Where a picture appears in the data below, exclude it; restate everything else word for word.

The data:

☆ ☆ ☆ ☆

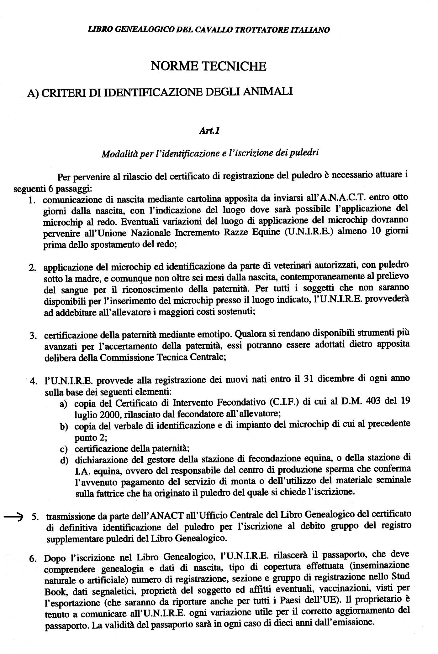 Pubblichiamo, nel file allegato, l'art. 1 - modalità per l'identificazione e l'iscrizione dei puledri - delle norme tecniche del Libro Genealogico del Cavallo Trottatore Italiano.
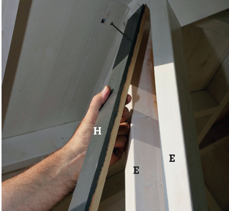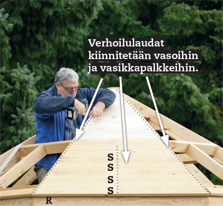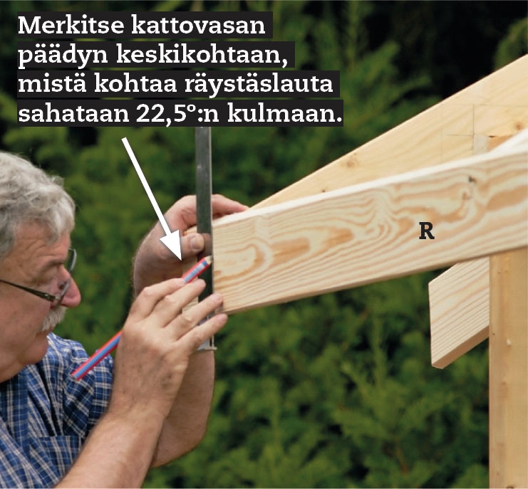 Kiinnitä ensimmäinen räystäslauta (R) väliaikaisesti ja tee lautaan sahausmerkinnät. Sahaa päät 22,5°:n kulmaan ja viistä yläreuna 30°:n kulmaan. Kiinnitä lauta ruuveilla ja jatka samaan tapaan seuraavalla laudalla.
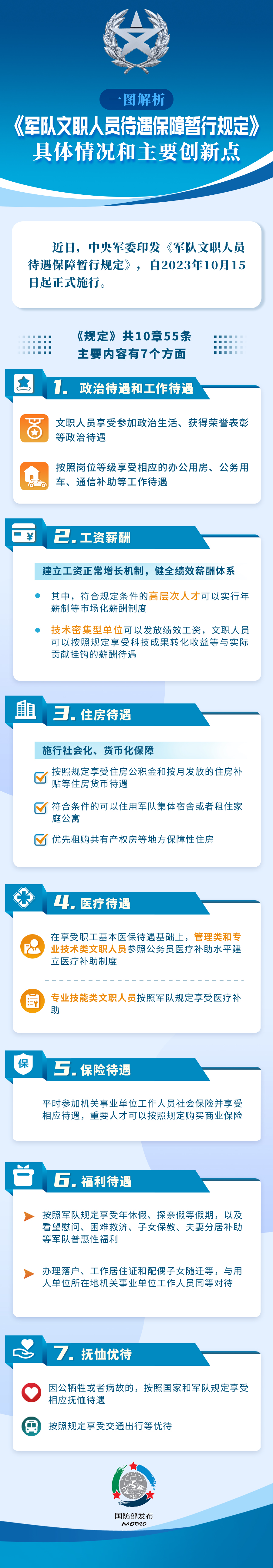 吳謙表示,近日,中央軍委印發(fā)《軍隊文職人員待遇保障暫行規(guī)定》,自2023年10月15日起正式施行。《規(guī)定》的出臺,將進(jìn)一步提高軍隊文職人員待遇保障,對于延攬社會優(yōu)秀人才獻(xiàn)身強(qiáng)軍事業(yè)、激發(fā)文職人員活力動力、促進(jìn)文職人員隊伍高質(zhì)量發(fā)展,將發(fā)揮重要作用。
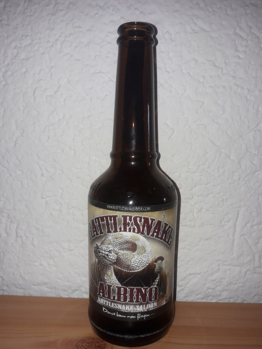 Der Rattlesnake Saloon in München ist genau das, was man sich unter einem Saloon im wilden Westen so verstellt. Man trifft dort zwar nicht zwansgläufig auf Cowboys, dafür aber auf Countrymusik und Barbecue. Und wie es sich für einen ordentlichen Saloon gehört, hat das Rattlesnake auch sein eigenes Bier, welches exklusiv von der Thorbräu aus Augsburg gebraut wird. Von den Rattlesnake Bieren verkoste ich heute den Albino, der ein Mix zwischen Eigenschaften von Pils und Hellem sein soll. Der Alkoholgehalt liegt bei 5%.

☆ ☆ ☆ ☆

Completed task:
 Pubblichiamo, nel file allegato, l'art. 1 - modalità per l'identificazione e l'iscrizione dei puledri - delle norme tecniche del Libro Genealogico del Cavallo Trottatore Italiano.
 Kiinnitä ensimmäinen räystäslauta (R) väliaikaisesti ja tee lautaan sahausmerkinnät. Sahaa päät 22,5°:n kulmaan ja viistä yläreuna 30°:n kulmaan. Kiinnitä lauta ruuveilla ja jatka samaan tapaan seuraavalla laudalla.
 吳謙表示,近日,中央軍委印發(fā)《軍隊文職人員待遇保障暫行規(guī)定》,自2023年10月15日起正式施行。《規(guī)定》的出臺,將進(jìn)一步提高軍隊文職人員待遇保障,對于延攬社會優(yōu)秀人才獻(xiàn)身強(qiáng)軍事業(yè)、激發(fā)文職人員活力動力、促進(jìn)文職人員隊伍高質(zhì)量發(fā)展,將發(fā)揮重要作用。
 Der Rattlesnake Saloon in München ist genau das, was man sich unter einem Saloon im wilden Westen so verstellt. Man trifft dort zwar nicht zwansgläufig auf Cowboys, dafür aber auf Countrymusik und Barbecue. Und wie es sich für einen ordentlichen Saloon gehört, hat das Rattlesnake auch sein eigenes Bier, welches exklusiv von der Thorbräu aus Augsburg gebraut wird. Von den Rattlesnake Bieren verkoste ich heute den Albino, der ein Mix zwischen Eigenschaften von Pils und Hellem sein soll. Der Alkoholgehalt liegt bei 5%.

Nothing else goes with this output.